Nationalist Party MPs should donate two months’ worth of parliamentary wages to help pay party employees’ salaries, PN MP Jason Azzopardi has suggested.

In a lunchtime tweet posted yesterday, the former minister said that he had “proposed internally that all MPs forego their MP salary for March and April to help the employees at Medialink”.

Dr Azzopardi declined to comment any further when contacted and limited further tweets to Easter greetings. The Times asked PN general secretary Paul Borg Olivier what he made of Dr Azzopardi’s suggestion, but he too was unavailable for comment.

Each member of Malta’s Parliament is paid a €19,000 yearly honoraria, which is then taxed at standard full-time rates. Getting each of the PN’s 30 MPs to heed Dr Azzopardi’s suggestion would moisten the party’s dried-up coffers by €95,000, before tax.

Although the party has not made its accounts public, the amount it owes creditors is substantially greater than that. As recently as four weeks ago, the PN had admitted taking out a €250,000 loan with construction magnate Zaren Vassallo.

The PN is struggling to pay its bills, with party administrators forced to call a staff meeting last week in which employees were told their March wages would only be paid at some point in April.

Dr Borg Olivier had also told The Times last Saturday that Medialink Communications, which runs the party’s print, radio and television platforms, will be restructured.

Around 150 people work for the PN and its affiliated companies, including a number of part-timers who are expected to be the first to feel the restructuring pinch.

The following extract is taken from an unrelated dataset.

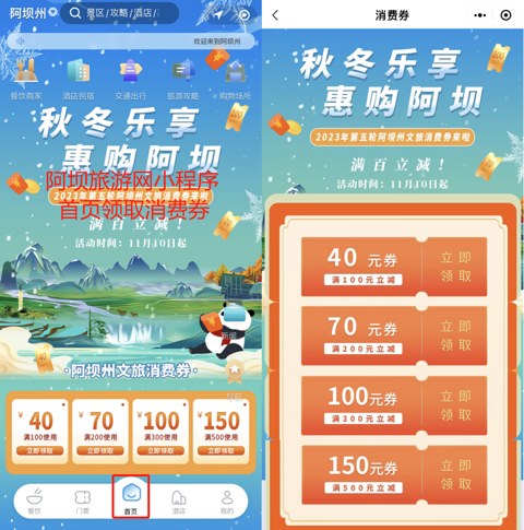 之前分享了西藏景区、黄山、江苏连云港多景区、河北赵州桥景区、四川资阳安岳、张家界大峡谷、福建武夷山等多个景区免票的信息九寨沟火车20号开通?景区优惠季来了,这些地方都免票了 今天来分享下消费券的信息,要出去玩的可以提前领好 11月10日-12月10日,阿坝旅游网官方小程序每日限量发放阿坝州文旅消费券,消费券面额分别为满100元减40元、满200元减70元、满300元减100元、满500元减150元

Despite the trepidation and uncertainty, one Medialink employee told The Times that they were trying to look at the bright side. “At least this means the party will completely shake itself up, rather than tweaking a thing here and there,” they said.

According to a former Medialink employee, the PN’s financial headaches dated back over a decade. “Some of the problems, such as the impact of 9/11 on [PN travel agency] Euro Tours, weren’t of the party’s own doing. But not enough was done to mitigate them...the writing was on the wall.”